Dans le cadre de notre mission « Le sexe sans stigmate », nous souhaitons mettre en lumière certains sujets sexuels dont on parle peu. Souvent, avec des problèmes sexuels comme le vaginisme, l’une des choses les plus difficiles est de savoir si on en souffre et où trouver de l’aide. Nous avons donc discuté avec Sarah Berry – sexologue et thérapeute de couple pour en savoir plus sur le vaginisme.

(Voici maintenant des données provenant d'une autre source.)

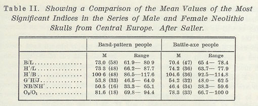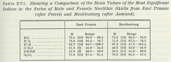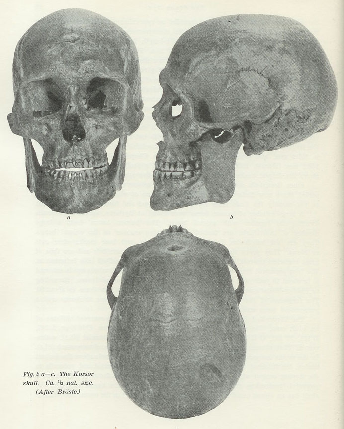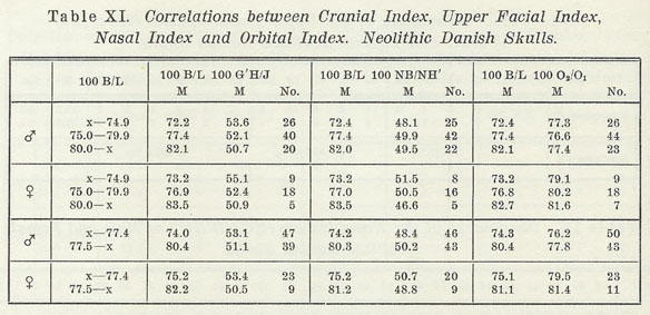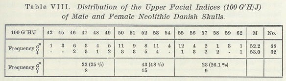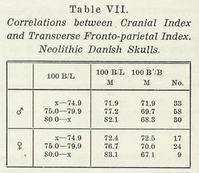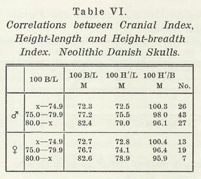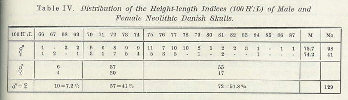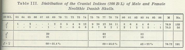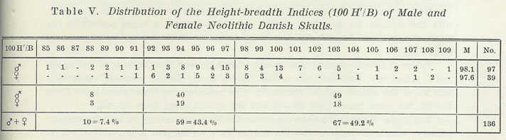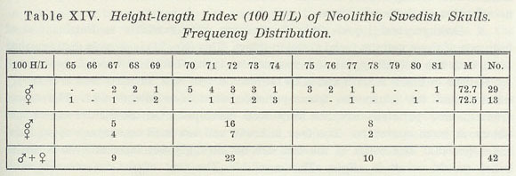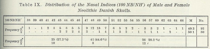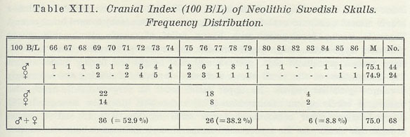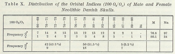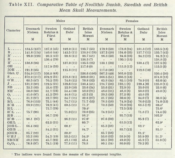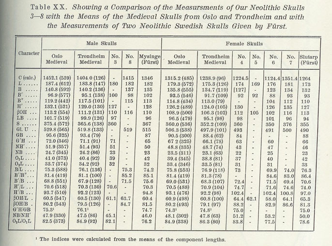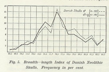 index are therefore considerably higher in the Stone Age material. In their malar facial index the Stone Age skulls differ little from the Medieval skulls, while the orbital index in both males and females is lower, principally due to a smaller orbital height. Our earlier investigations of Norwegian skull material from the Middle Age led to the result that the Oslo material as a whole belonged to the Nordic type. The material from Trondheim also undoubtedly included numerous representatives of this same skull form. However the explanation of the smaller size and more delicate structure which characterized this material as a whole was an open question. It is possible that the above-described skulls from Trøndelag's Stone Age may provide the explanation. Their entire structure is very like that of the Mediterranean type and exhibits no marked Upper Palaeolithic traits as do the previously described skulls Nos. 1—3. As is known, the Mediterranean skull form exhibits such great similarity to the Nordic that in individual cases it can hardly be distinguished from the latter except by its smaller absolute measurements and its more delicate structure, since both the calvarian and facial indices in both fall within the name range ef variation. Except for their higher orbital index and greater parietal breadth in relation te the length end height, the Medieval skulls from Trondheim differ in their indices only slightly from the Oslo skulls. However they differ from them markedly in their smaller absolute measurements and in this they agree with the Stone Age skulle from Trøndelag as mentioned above. This peculiarity of the Trondheim skulls may be explained by the assumption that there is stronger Mediterranean admixture than in any other hitherto examined Norwegian material. The above described skulls from Trøndelag's Stone Age indicate that this admixture dates back very far. The isolated position of the Trondheim material in relation to southern and western groups, compared with the occurrence of similar forms in Sweden and the previously mentioned (pp. 29—30) archaeological demonstration that the Swedish Stone Age culture spread to Norway via two different routes, partly up over Bohuslän to the South-Eastern parts and partly over Middle Sweden to the Trondheimsfjord, suggests that the invaders who followed the northern route brought the above-described skull form to Trøndelag. It can be regarded as highly probable that this skull type originated in the Mediterranean area. It to possible that its appearance on the Scandinavian Peninsula has some connection wilh the immigration to Sweden of Megalithic peoples from the west, proof of which Montelius and Forssander claim to find in the structure of the cist-graves of Forssander's Skogsbo type (cf. p. 61). The assumption of Mediterrsneon admixture in the population of Trøndelag may possibly also explain certain traits in the somatology of the present population, in the first place their pigmentation. In contrast to the situation in most other parts of Norway, the dolicho-mesocephalics in Trøndelag are more seldom blonde than the brachycephalics, and the dolichocephalics more frequently have black hair than the meso-brachycephalics, just as brown and dark mottled eyes are related to a lower mean cephalic index then blue and light mottled. Of the five individuals from

Qu’est-ce que c’est, et quels conseils peut-elle donner à celles qui pourraient être concernées ?
Qu’est-ce que le vaginisme ?
Le vaginisme survient lorsque le corps d’une femme tente de la protéger de toute pénétration – pas seulement par un pénis, mais aussi par des doigts, des sextoys, des tampons, des instruments médicaux, etc. Le vaginisme est souvent le symptôme de quelque chose d’autre. Donc, même s’il est tout à fait possible de prendre du plaisir sans pénétration, cela peut indiquer qu’il y a un autre souci sous-jacent.
Il existe deux types de vaginisme :
- Vaginisme primaire, lorsque la pénétration a toujours été difficile.

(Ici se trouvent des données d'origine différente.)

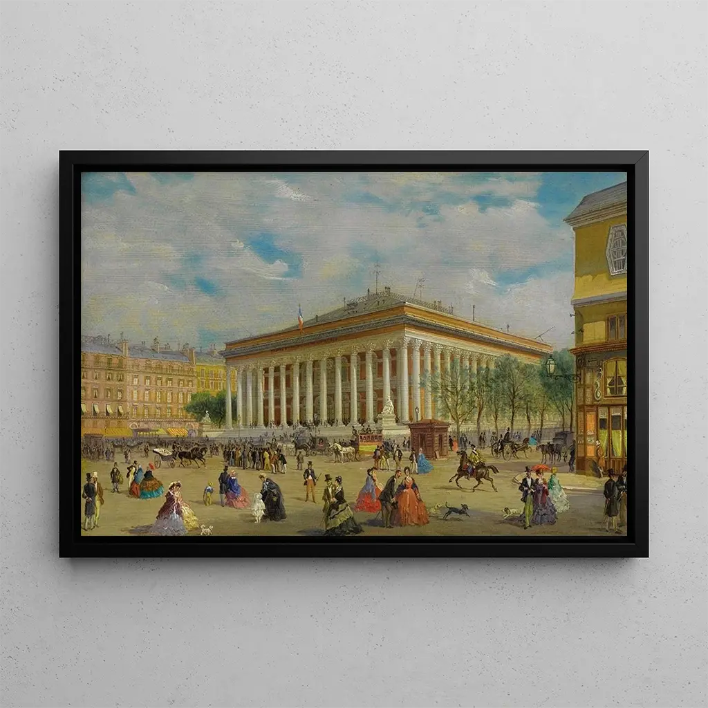 De reproductie van De Bourse is een ideaal decoratief stuk voor diverse ruimtes, of het nu een woonkamer, kantoor of slaapkamer betreft. De afdrukkwaliteit garandeert een opmerkelijke fideliteit aan de details van het originele werk, waardoor de rijkdom aan kleuren en texturen volledig tot zijn recht komt. Dit schilderij brengt een vleugje elegantie en dynamiek in uw interieur, terwijl het gesprekken over kunst en geschiedenis stimuleert. Door voor dit doek te kiezen, investeert u in een kunstwerk dat niet alleen uw ruimte verfraait, maar ook de vibrerende energie van een vervlogen tijdperk oproept.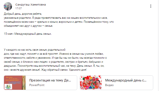14.05.2021г, на платформе ГУГЛ класс, среди учащихся 1-3 классов, воспитателем Маштыбаевай.А.Е, был проведен воспитательный час"Моя семья- моё богатство&…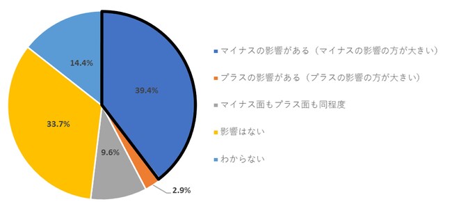 為替変動(円安)による事業への影響について、「マイナスの影響がある(マイナスの影響の方が大きい)」が最多の39.4%、「プラスの影響がある(プラスの影響の方が大きい)」は2.9%であった。その他、「マイナス面もプラス面も同程度」は9.6%、「影響はない」は33.7%、「わからない」が14.4%であった。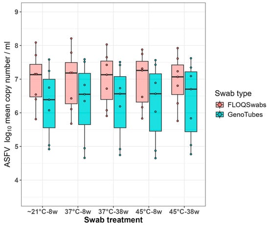 Boxplots comparing the effect of five different temperature and storage time treatments on the ASFV log10 copy number per mL for the two swab types, FLOQSwabs and GenoTube. Each point on the plot corresponds to the average copy number of three technical replicates.
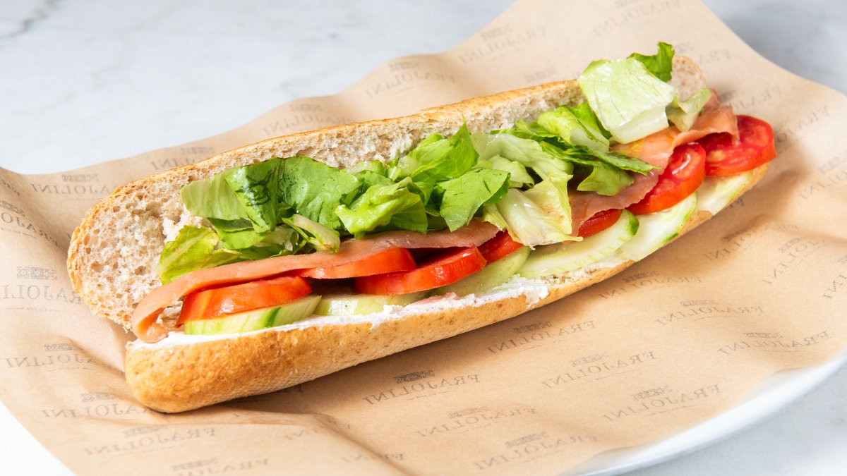 Whole wheat baguette with lettuce, smoked salmon, tomato, cucumber and cream cheese sauce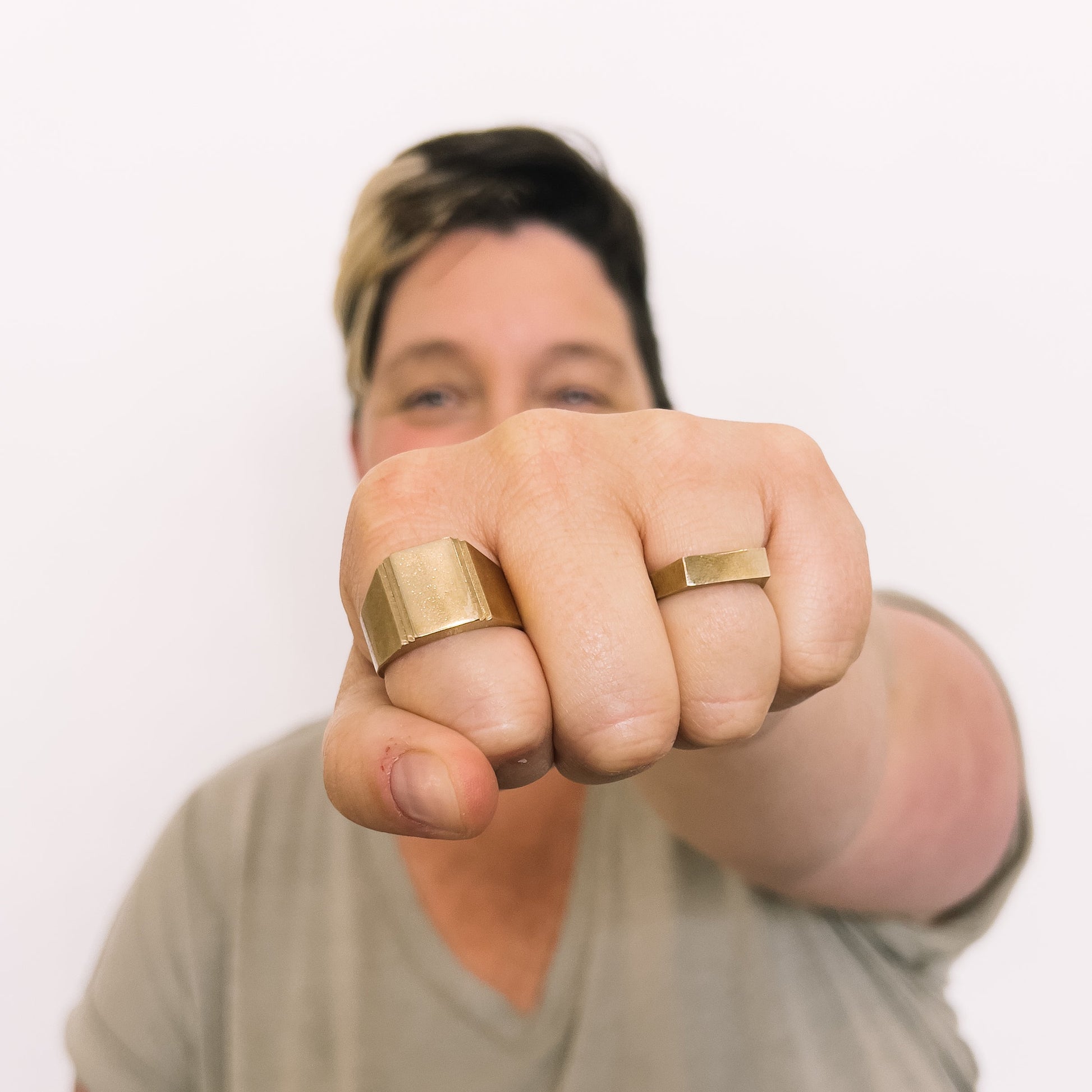 A solid cast ring with textured shank and polished top. Designed by Betsy & Iya and handcrafted in the studio attached to their Portland shop.

- Vaginisme secondaire, apparu plus tard dans la vie.
Le vaginisme secondaire peut être la conséquence d’un traumatisme, par exemple si la personne a subi des abus, un viol, une intervention médicale difficile ou un accouchement. Cela peut aussi venir d’une éducation où le sexe ou le corps étaient perçus comme honteux ou mauvais, ou encore d’une relation compliquée vécue personnellement. Le vaginisme peut également survenir suite à des changements corporels comme la ménopause ou après des douleurs, dues par exemple à une vulvodynie, un cancer du col de l’utérus ou des problèmes postnataux.
À quel point le vaginisme est-il fréquent ?
Il existe de nombreux chiffres à ce sujet mais je parierais que c’est bien plus courant, car de nombreux cas ne sont pas diagnostiqués.
Comment savoir si l’on souffre de vaginisme ?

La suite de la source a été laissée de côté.